We characterized our promoter swap system and measured success by comparing EYP expression in parts with promoters swapped to their native sequence. We took EYFP controlled by PompC (BBa_K5052902) and cLac145 (BBa_K5052900) and swapped out the promoters. For PompC + EYFP, we cut out PompC with DraIII and MluI to replace it with cLac145 and separately with Pcpc560. For cLac145 + EYFP, we cut out cLac145 with the same pair of restriction enzymes to replace it with PompC.
After performing traditional cut-and-paste to insert the respective promoters, the ligated products were used to transform DH5a E. coli. These transformants were grown on LB-agar-kan plates at 37C in the dark overnight. The next day, these plates were taken for fluorescent imaging.
Figure 1. Fluorescent plate reader image taken at ex. 488nm and em. 517nm.
This image was quantified for fluorescence on ImageJ by taking the area of the plate and calculating the intensity of the fluorescence. With this value, we can divide by the background values to find the corrected total cell fluorescence 1.
Figure 2. CTCF measured by taking IntDen values from ImageJ divided by mean background values.
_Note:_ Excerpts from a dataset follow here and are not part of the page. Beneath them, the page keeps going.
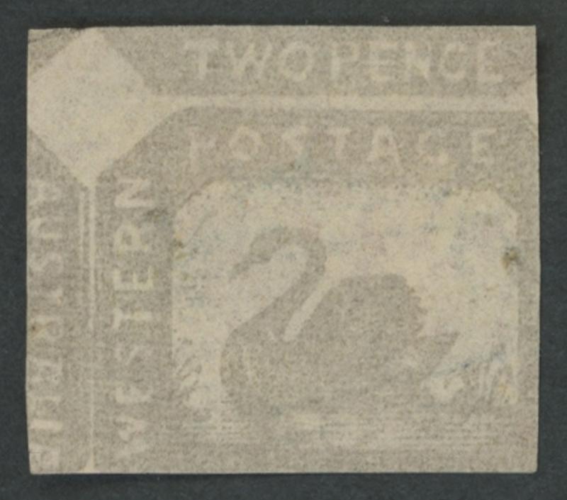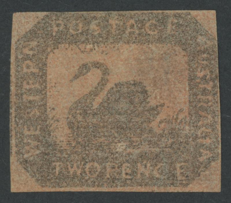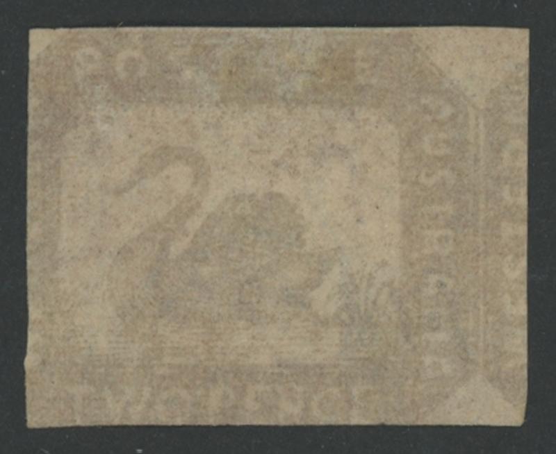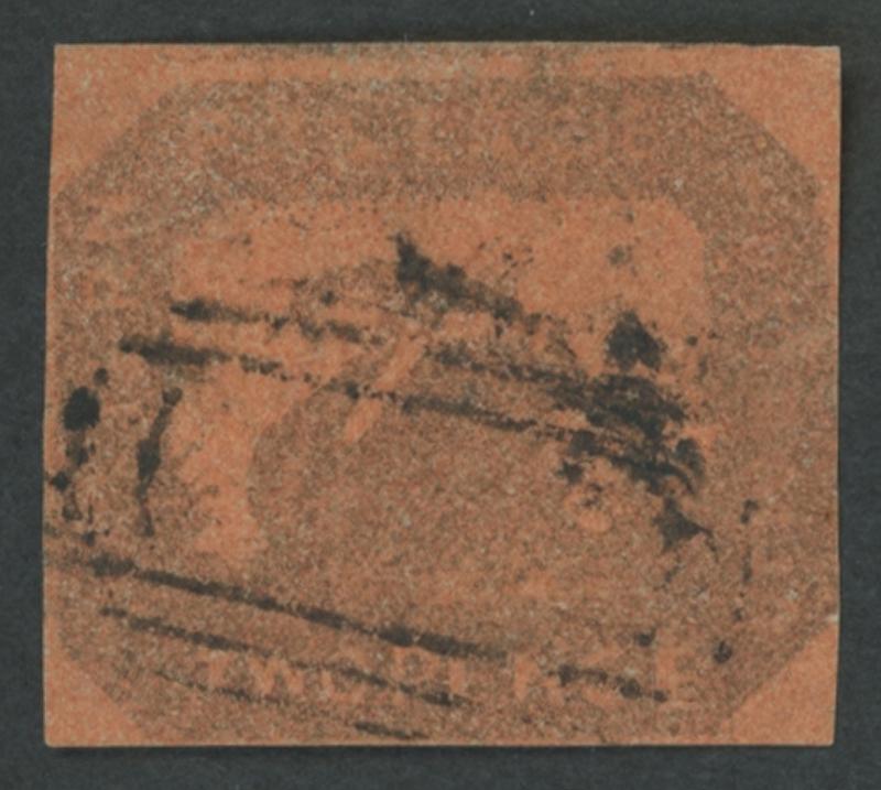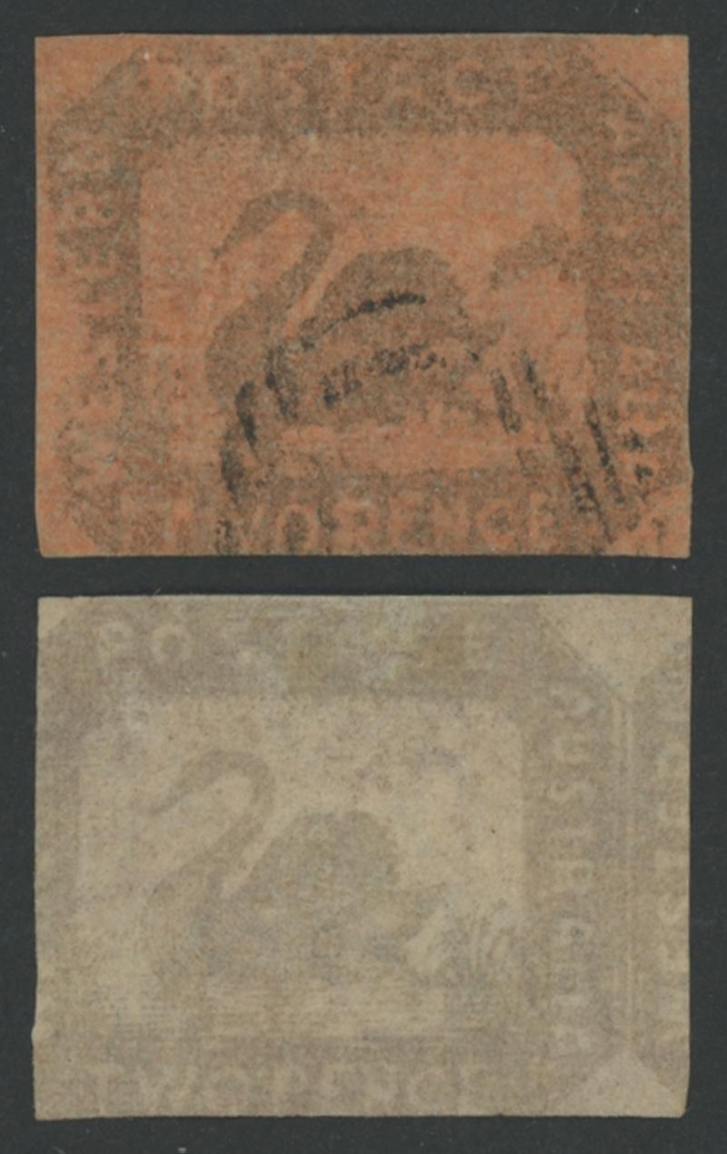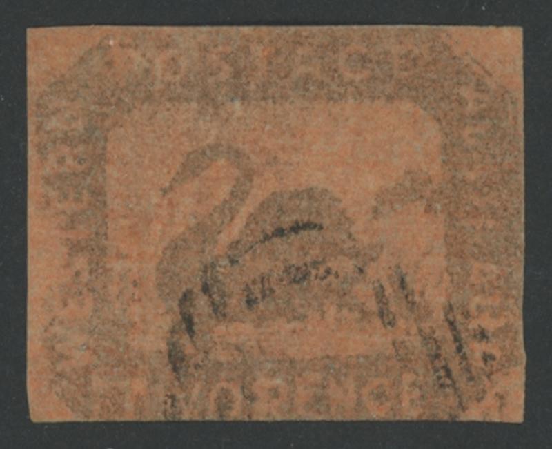 1857-59 Hillman Lithographs Imperforate Swan 2d brown-black/Indian red Printed on Both Sides SG 16a the impression on the 'reverse'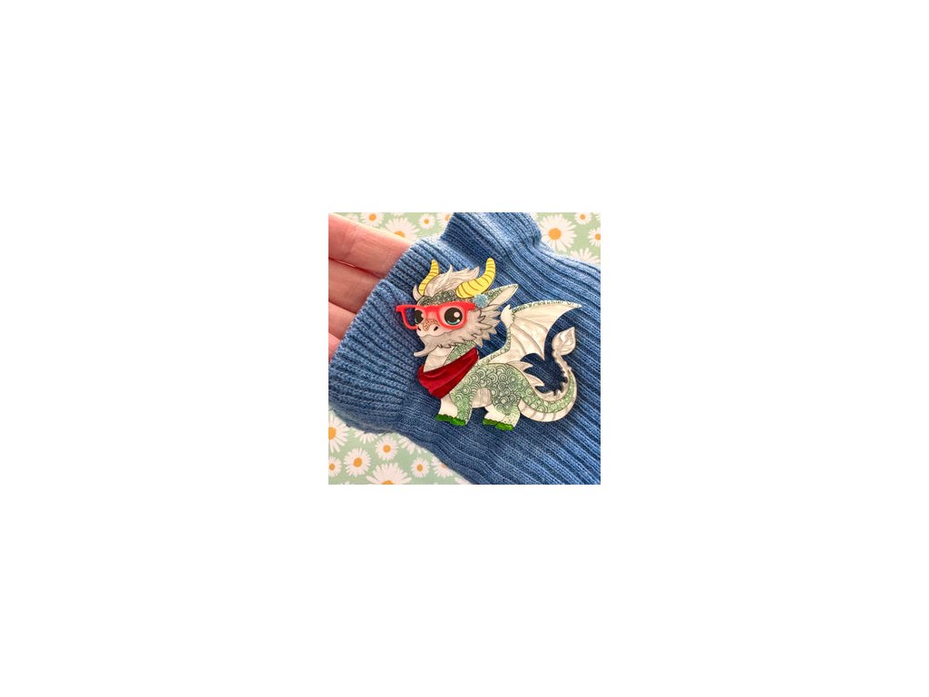 Brož Dexter the Dragon od Wintersheart je důkazem, že i draci mohou být styloví – s červenými brýlemi, šálou a hřejivým úsměvem si okamžitě získá vaše srdce.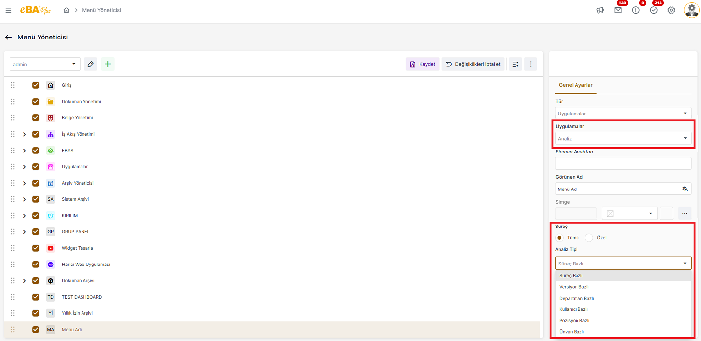 Sistemde belirlenen kriterlere göre analiz yapılarının çıkarılması için kullanılan düğüm türüdür. “Uygulamalar “ alanında bu seçenek seçildiğinde “ Tümü ”, “ Özel ” ve “ Analiz Tipi ” alanları görünür olur.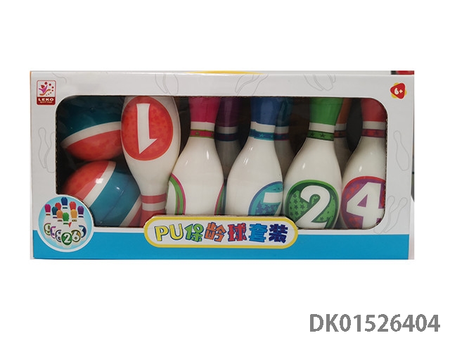 Pu digital bowling set bottles: height 12.3cm, balls: 7.5cm 6 bottles and 2 balls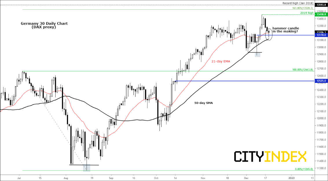 事实上,从技术面角度看,DAX指数目前表现良好,牢牢守住50天和200天(图中未显示)等主要均线上方。该指数其实今天已于移动更为迅速的21天指数均线和13170附近支撑获撑。若该股指期货今天晚上继续推高,那么我们最终将看到的是一条类锤子线。随着圣诞节和年底的临近,该形态或触发新的上行动量。在到达13596前历史高点之前,有几个水平值得关注,其中包括上周高点,即13460略下方当前2019年高点,以及紧随其后的13530略下方161.8%的扩展位。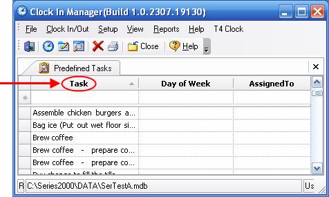 You can sort tasks by clicking on Task in the Task Column as shown below. This will sort all the tasks in alphabetical order so you can find the task you would like to edit easily.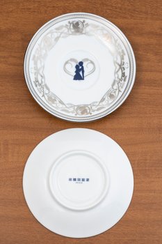ソーサーの中央にはホロとロレンスのキスシーンを描いたSDイラストと麦穂でデザインされたハートマークが描かれ、裏底には原作ロゴが刻印されています。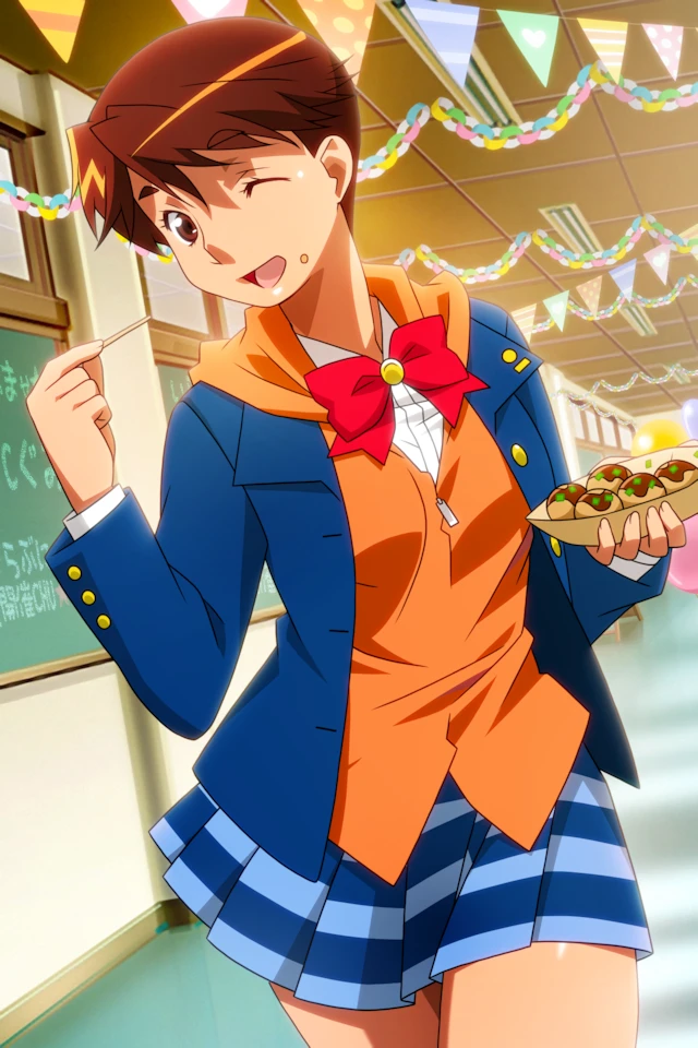 toono mizuki, tanaka ryou, brown hair, short hair, large eyebrows, dark-skinned female, tomboy, brown eyes, large breasts
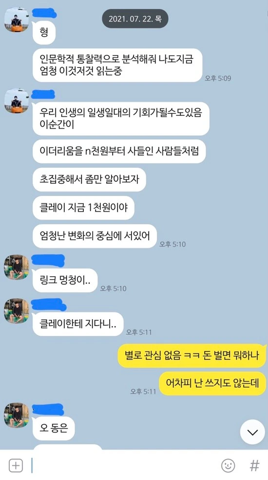 당시 이 이야기를 듣던 나는 “군대를 다녀오니 돈에 대한 관심이 사라졌다. 돈 벌면 뭐하냐 어차피 군대에서 쓰지도 못하는거. 내가 얼마가 있던 전역은 살 수 없고 자유는 구속되어 있었다.” 라는 말을 하며 EOH가 밥 떠먹여서 숟가락을 입 앞에 가져다댔는데도 클레이튼을 하나도 사지 않았다.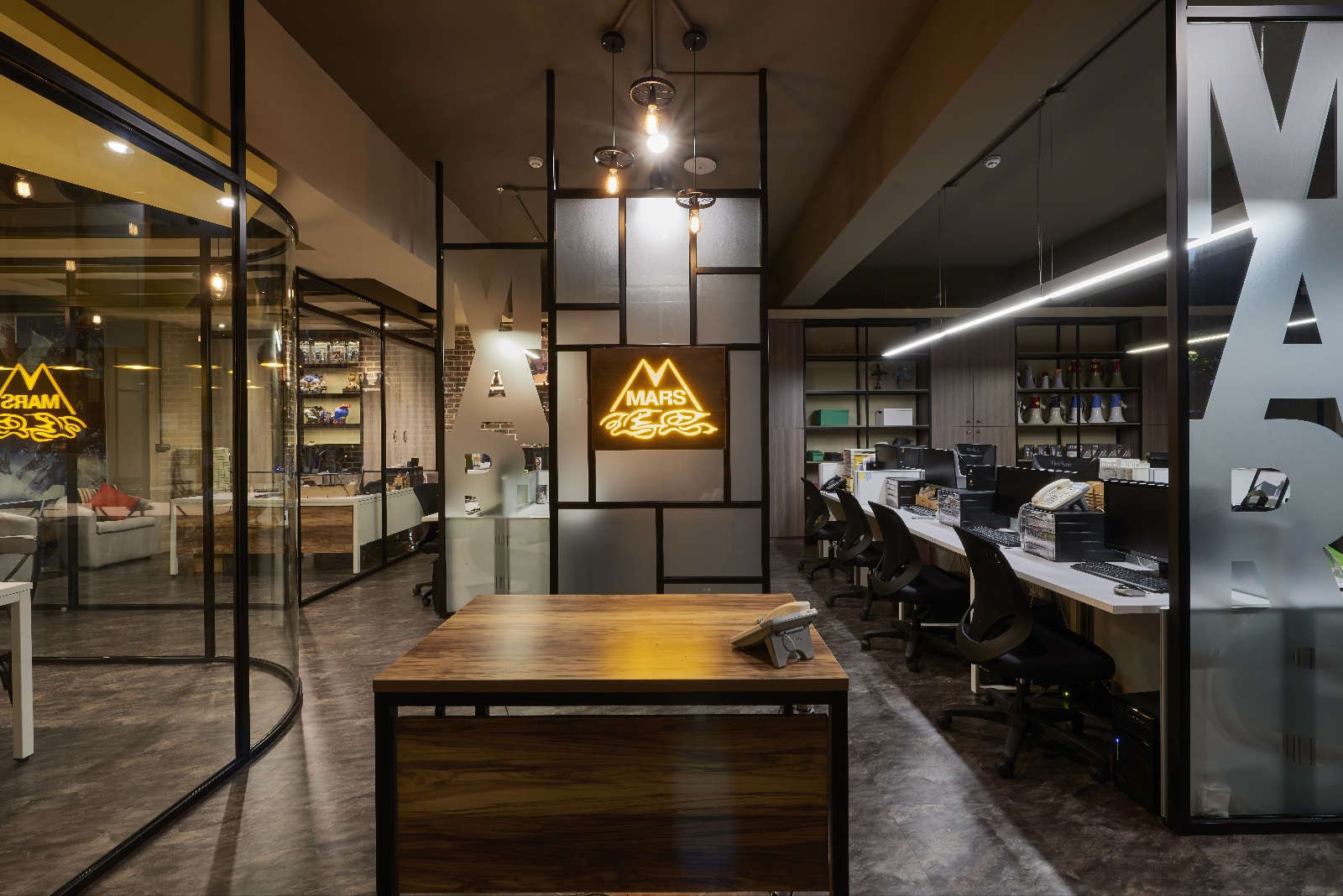 為了提升辦公區域的視覺通透性,我們大量在場域之間運用玻璃隔牆,使空間在保持區隔的同時,仍能保有視覺上的開闊感。將反差強烈的清玻璃與霧玻璃交錯運用,強化層次變化,同時讓不同區域間的關係更為靈活。Logo主題牆則依循蒙德里安式的黃金比例分割手法呈現,結合企業標誌「MARS」的字母,透過橘黃光影的綻放,展現品牌如火焰般的熱情與動能,成為辦公空間中的視覺焦點。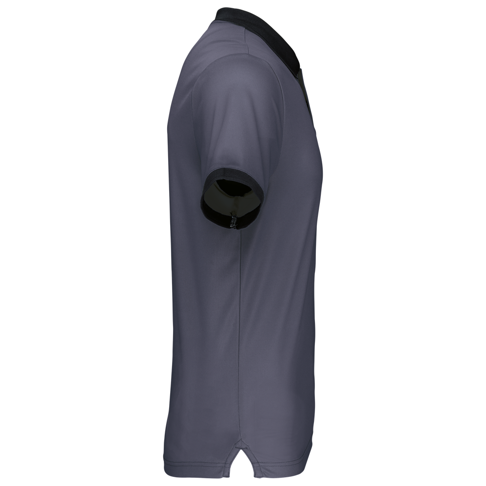 100% piquépolyester Cool Plus®. Rechte snit en moderne look. Kraag en mouwuiteinden in contrasterende ribboord. Knoopsluiting met 3 knopen (contrasterend of effen, afhankelijk van het model). Zijsplitten.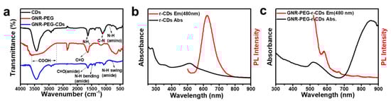 (a) The Fourier transform infrared (FT-IR) spectra of CDs, GNR-PEG and GNR-PEG-CDs; (b) the UV-vis and PL spectra (excited at 480 nm) of CDs; (c) the UV-vis and PL spectra (excited at 480 nm) of GNR–PEG–CDs.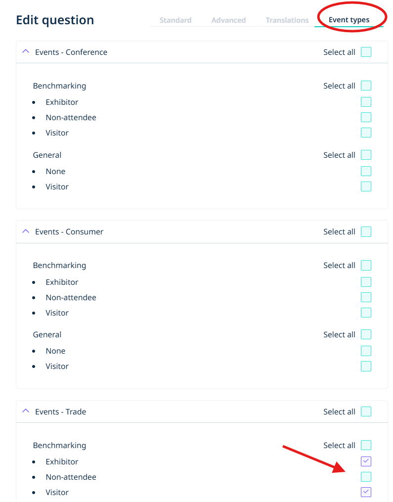 - Once you have set up your question, go to ‘Event types’ and select the events you would like the company question to appear for.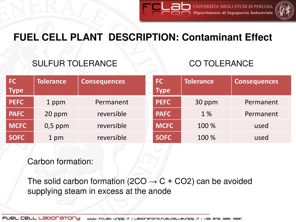 FUEL CELL PLANT DESCRIPTION: Contaminant Effect SULFUR TOLERANCE CO TOLERANCE Carbonformation: The solidcarbonformation (2CO → C + CO2) can beavoidedsupplyingsteam in excess at the anode
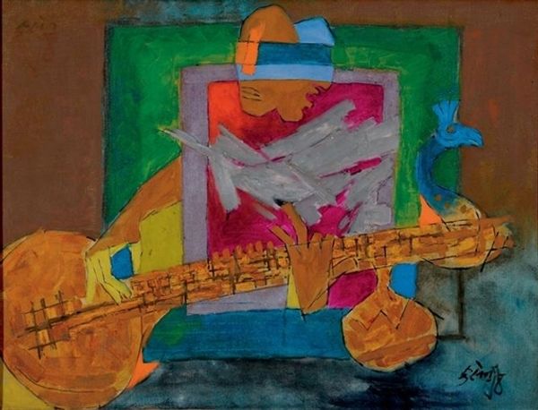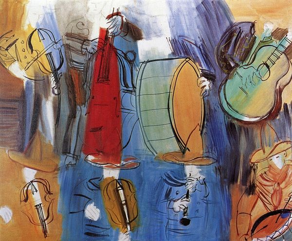 Bernard Buffet made this painting, Paravent: Les instruments de musique, in 1961. Buffet’s paintings often have a spiky directness, and this one is no exception. You can see it in the way the forms of the instruments are outlined; they are sharp and almost brutal, as if he’s trying to capture not just their shapes but their very essence. The paint isn’t dabbed on with any kind of subtlety, but rather applied in rough swipes and strokes. This isn't a painting about hiding the process; it's all about the process. Buffet's paintings feel raw, almost unfinished. Take the music sheets, for example. They are these stark white rectangles scrawled with dark lines. It's like he’s inviting us to hear the cacophony of sounds these instruments might make. Buffet’s work reminds me a little of Francis Bacon, who twisted the figure in similarly unsettling ways. Both artists seem to be searching for ways to represent the human condition, with all its anxiety and alienation, leaving us to sort through the noise and find our own melody.

When comparing swapped promoters to their native sequence, we see that the levels of fluorescence are vastly different. cLac145 + EYFP has a corrected total cell fluorescence of 11.93 compared to after we swapped it with PompC where the corrected total cell fluorescence increased to 16.321. When looking at PompC + EYFP, it shows a corrected total cell fluorescence of 18.875 which decreased greatly to 10.066 when swapped with Pcpc560 and to 11.354 when swapped with cLac145. Furthermore, comparing strength of fluorescence between parts sharing the same promoter show similar results, like between cLac145 + EYFP and PompC insert cLac145 which have a corrected total cell fluorescence of 11.93 and 11.354 respectively.
Our parts collection is only the beginning. Any promoter can be modified to fit our collection by fitting a DraIII cut site upstream and an MluI cut site in between the RBS and DNA coding sequence.